In the first chapter, the definitions, frequency, causes and consequences of clinical
hypoglycaemia are discussed. Previous research on the cognitive effects of acute
hypoglycaemia is reviewed in the second chapter. Four studies of the effects of blood
glucose manipulation on cognitive function are then described.
In Study 1, the effect of acute hypoglycaemia on memory consolidation was studied in
non-diabetic subjects. Functional brain imaging was used to identify regions with
altered metabolism following hypoglycaemia. No effect of hypoglycaemia was seen on
memory or brain imaging results, suggesting that acute hypoglycaemia does not affect
previously-formed memories, though other possibilities are discussed.
In study 2, the effects of acute hypoglycaemia on learning and recall were studied, and a
novel test of prospective memory, mimicking memory in real life, was developed.
Subjects had type 1 diabetes and either normal or impaired awareness of hypoglycaemia.
Both learning and recall were impaired during hypoglycaemia. Prospective memory was
impaired to a similar degree, reinforcing the ecological validity of laboratory cognitive
function testing. No statistically significant differences between normal- and impaired-awareness subjects were seen, but this may have been due to lack of statistical power.
A previous study had unexpectedly reported that high-level cognitive functions were
unaffected by hypoglycaemia.
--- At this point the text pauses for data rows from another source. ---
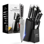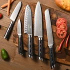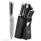 OMPLETE ALL-IN-ONE SET - This professional Damascus knife set includes 8”Chef Knife, 8”Bread Knife, 6.6” Santoku Knife, 5”Utility Knife, 3.5”Paring Knife, Kitchen Shears, all neatly organized in a beautiful wood block PREMIUM CRAFTSMANSHIP - Knives are crafted with VG10 steel core and this central core is encased in 66 layers of steel. After heat treatment and deep cryogenic treatment improves characteristics of the steel. It showcases intricate patterns, excellent cutting performance, and remarkable durability. Our knives boasts an official Rockwell hardness rating of HRC 60 ± 2 for exceptional sharpness and edge retention CONTROL & SHARP - The ergonomic design of the curved handles ensures a comfortable grip and optimal control, allowing you to maneuver through various cutting tasks effortlessly. With our included knife sharpener, you can easily maintain the razor-sharp edge of your knives, ensuring consistent performance over time CONVENIENT CARE & STORAGE - Add a touch of natural beauty to your kitchen with our wooden knife block. Crafted from premium wood, this compact and stylish block securely holds and organizes your knives while protecting their sharp edges. Its durable and easy to clean design ensures long-lasting performance. Also offering a convenient and visually appealing storage solution for these prized knives EXCEPTIONAL SHOPPING EXPERIENCE - Every knife set is backed by superior quality and under strict quality inspection. Our aim is 100% satisfied customers. Please contact us for assistance with any after-sales issues
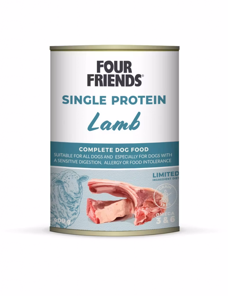 70% lamm (40% lever, lunga och mage från lamm, 30% lammkött), ärtmjöl, lignocellulosa, kalciumkarbonat.
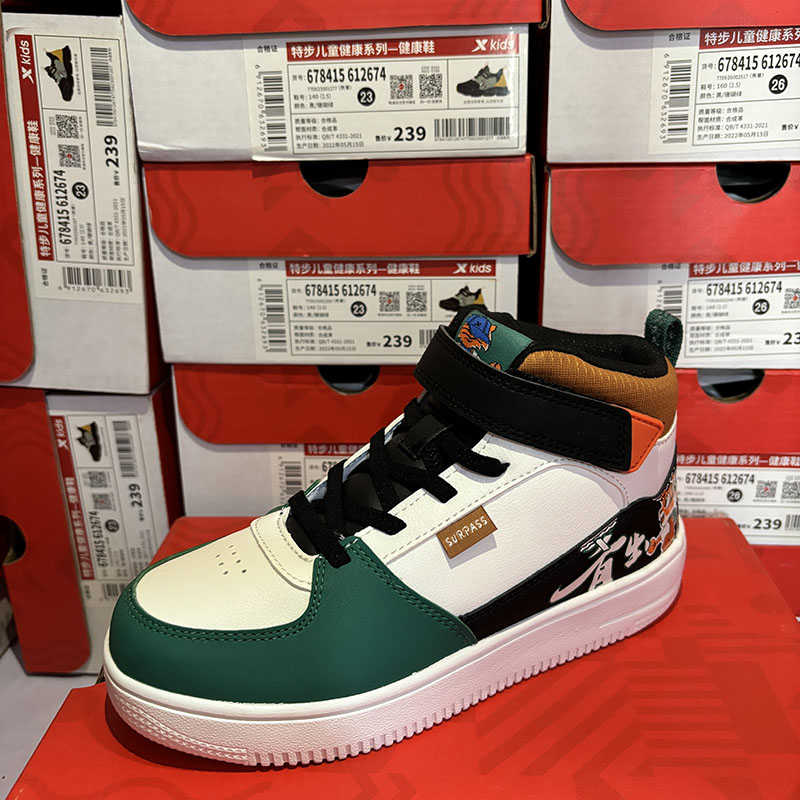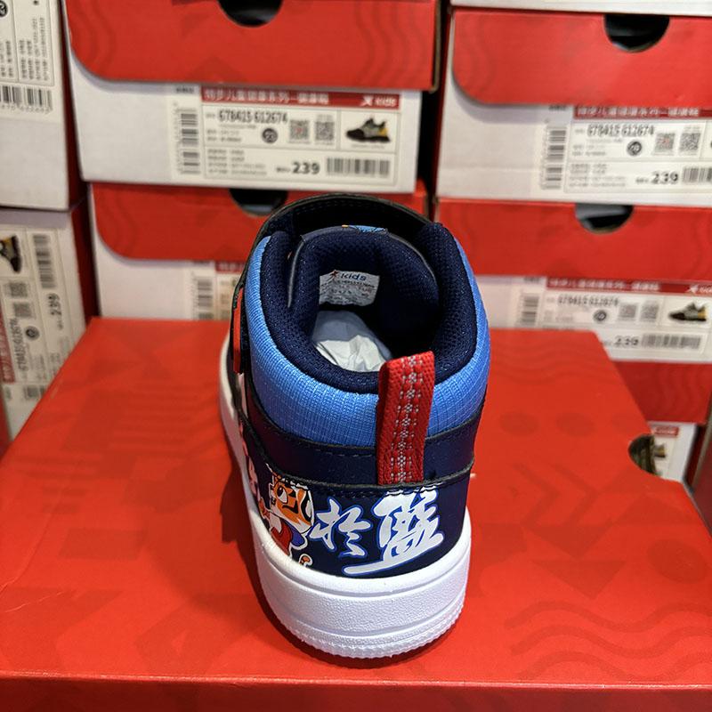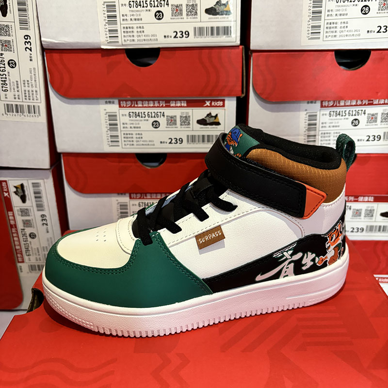 特步儿童正品秋冬皮面魔术贴休闲男童板鞋运动中帮鞋678415313669
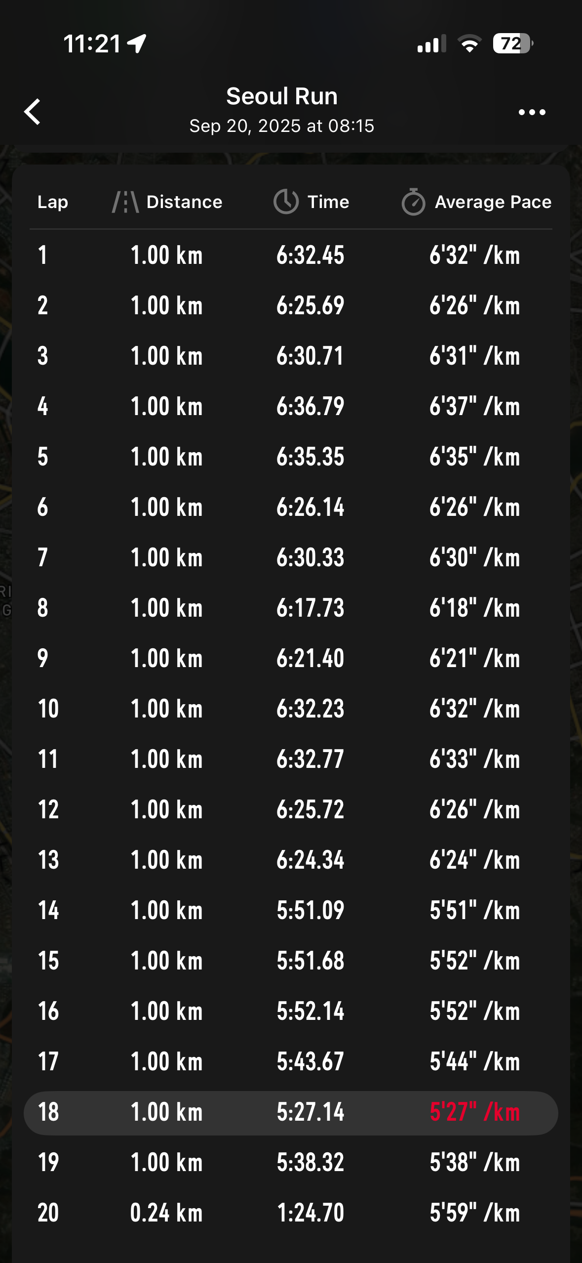 화요일에는 아침일찍 일어나서 10km를 빌드업 러닝 해봤습니다. 6분페이스로 시작해서 웜업 1km 후 조금씩이라도 빠르게 뛰어보자 했는데 지금보니 제대로 된 것 같지는 않네요 ㅋㅋㅋ 마지막에 5분11초로 마무리했습니다. 그래도 이제 1시간 안쪽은 쉽게 달성하는 편이네요. 만족스럽습니다.
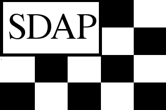 The Yearbook of the Central Committee of France Shipowners (1922) shows the house flag of Société Dieppoise d'Armement à la Pêche as checquered white and black, 5 x 4, the six upperleft pieces being masked y a white canton oultined in black and charged with the black letters "SDAP".
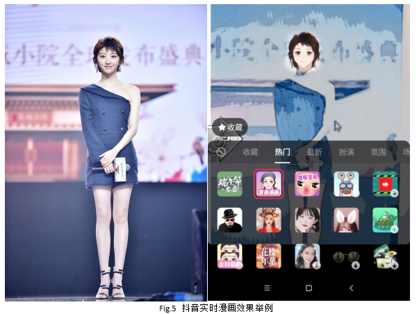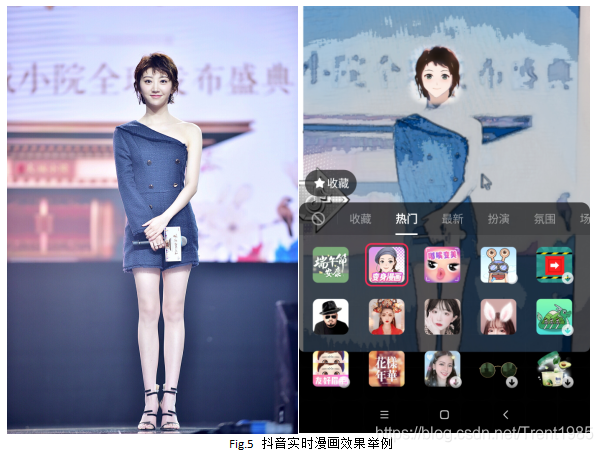 对于抖音的漫画效果,包括两个版本,一个是实时处理版本,也就是抖音上线的第一个版本,如图Fig.1所示,可以实时展示漫画效果;另一个是后来的图片版本,如图Fig.2所示,这个版本更加精细;该功能目前同步上线字节跳动旗下的一些app,比如:抖音/剪映/FaceU等。
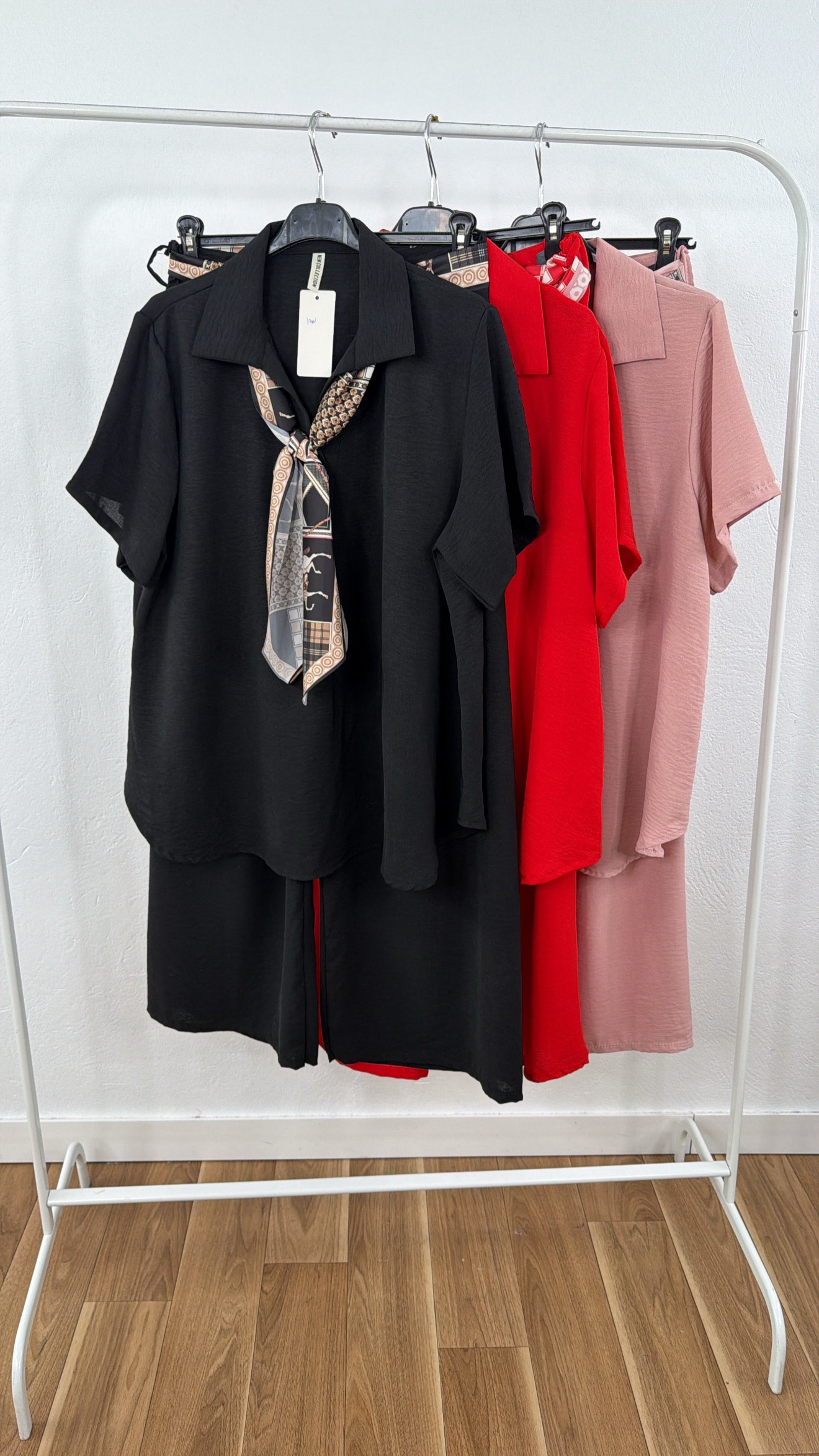 Conjunto de talla única,pantalón y blusa con complemento pañuelo.
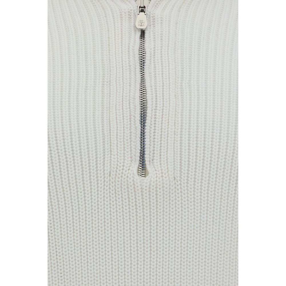 Colete de algodão da Brunello Cucinelli, gola alta, zíper frontal na metade do busto, bainha canelada fina, design canelado largo por toda a peça.
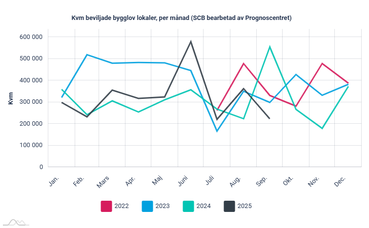 I september beviljades en areal om drygt 220 000 kvadratmeter lokaler, en minskning med cirka 60 procent eller cirka 330 000 kvadratmeter jämfört med september ifjol. Under helåret 2024 uppgick beviljade bygglov till knappt 3 700 000 kvadratmeter, vilket var en minskning med drygt 21 procent jämfört med de dryga 4 690 000 kvadratmeter som beviljades under 2023.
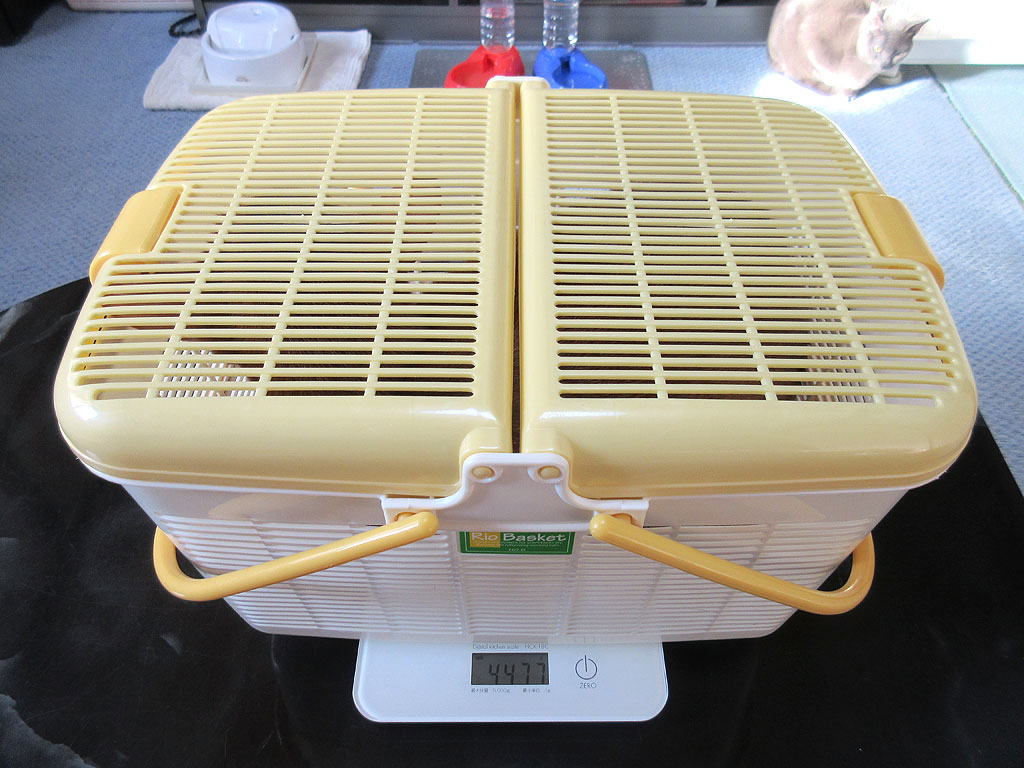 そしてこれは、おとといの朝にしたアビのすけの体重測定の様子。
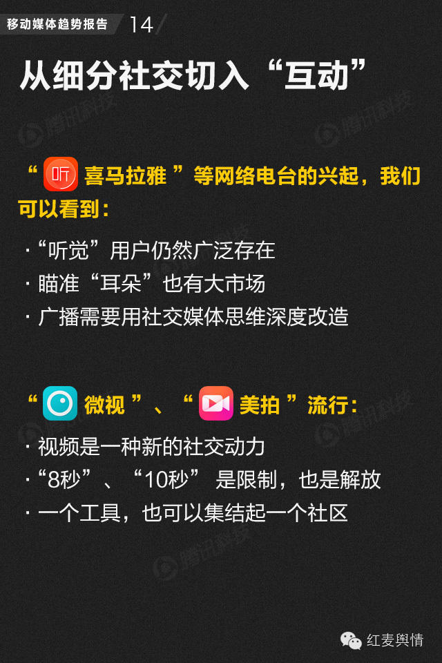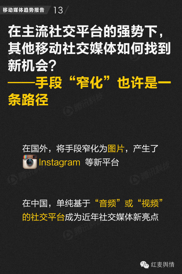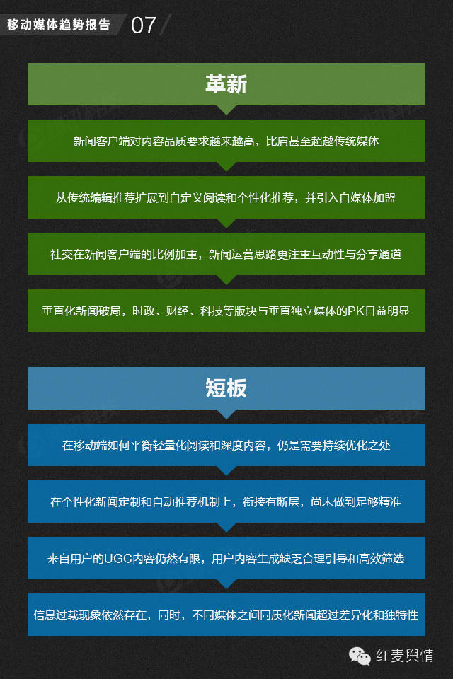新闻客户端的社交深化;UGC和内容众包模式升级;入口向平台转化加速;可穿戴设备带来数据资源扩张;移动服务客户端的“媒体化”可能。
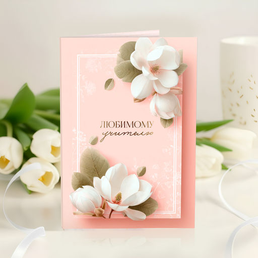 • Открытка 4 шоколадки "Любимому учителю (розовая с цветами)"
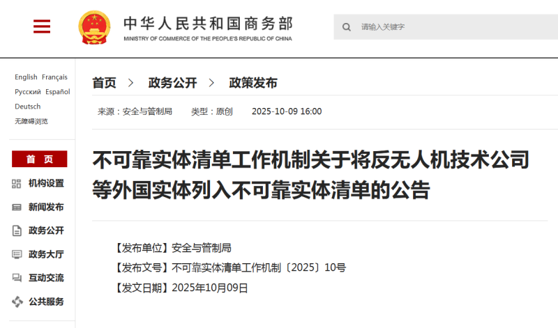 周四,中国商务部在一份声明中表示,将14家外国机构列入“不可靠实体名单”,限制其在中国开展商业活动的能力。
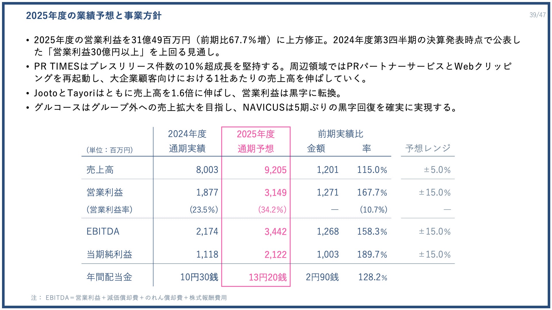 2025年度業績予想では、営業利益31億4900万円に上方修正
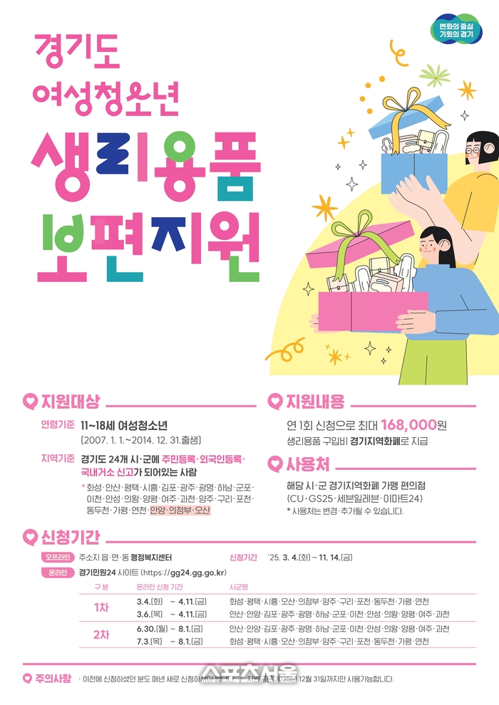 〔스포츠서울│화성=좌승훈기자〕경기 화성시는 3일부터 8월 1일까지 ‘여성청소년 생리용품 보편지원 사업’ 하반기 신청을 받는다.
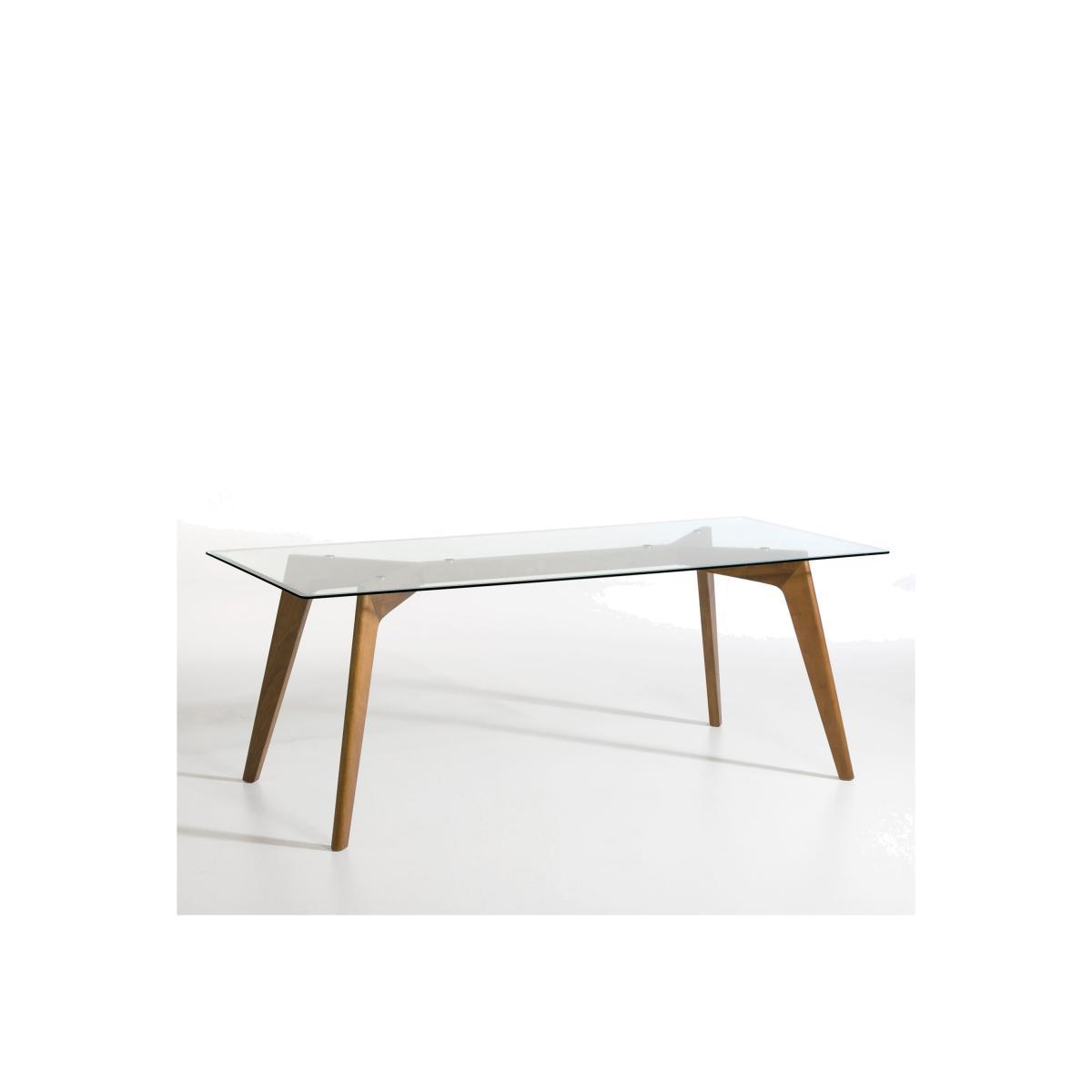 Kristal Rectangular Retro-Style Table in Glass/Oak (Seats 8)

Study 3 re-addressed this issue using a more difficult
cognitive test to exclude the possibility of a ceding effect, and impairment by
hypoglycaemia was confirmed. A separate task, intended to indicate which of speed and
accuracy of cognitive processing is primarily affected, yielded no significant results.
In study 4, the symptoms of hyperglycaemia reported by 400 people with insulin-treated
diabetes were examined using factor analysis. Four categories were identified, and
labelled as 'osmotic', 'neurological', 'mental agitation' and 'malaise'. Substantial overlap
with hypoglycaemia symptoms was noted. The mean blood glucose level for symptom
onset was 15 mmol/1, with a tendency for less intense symptoms and a higher symptom
threshold in older people and those with impaired hypoglycaemia awareness.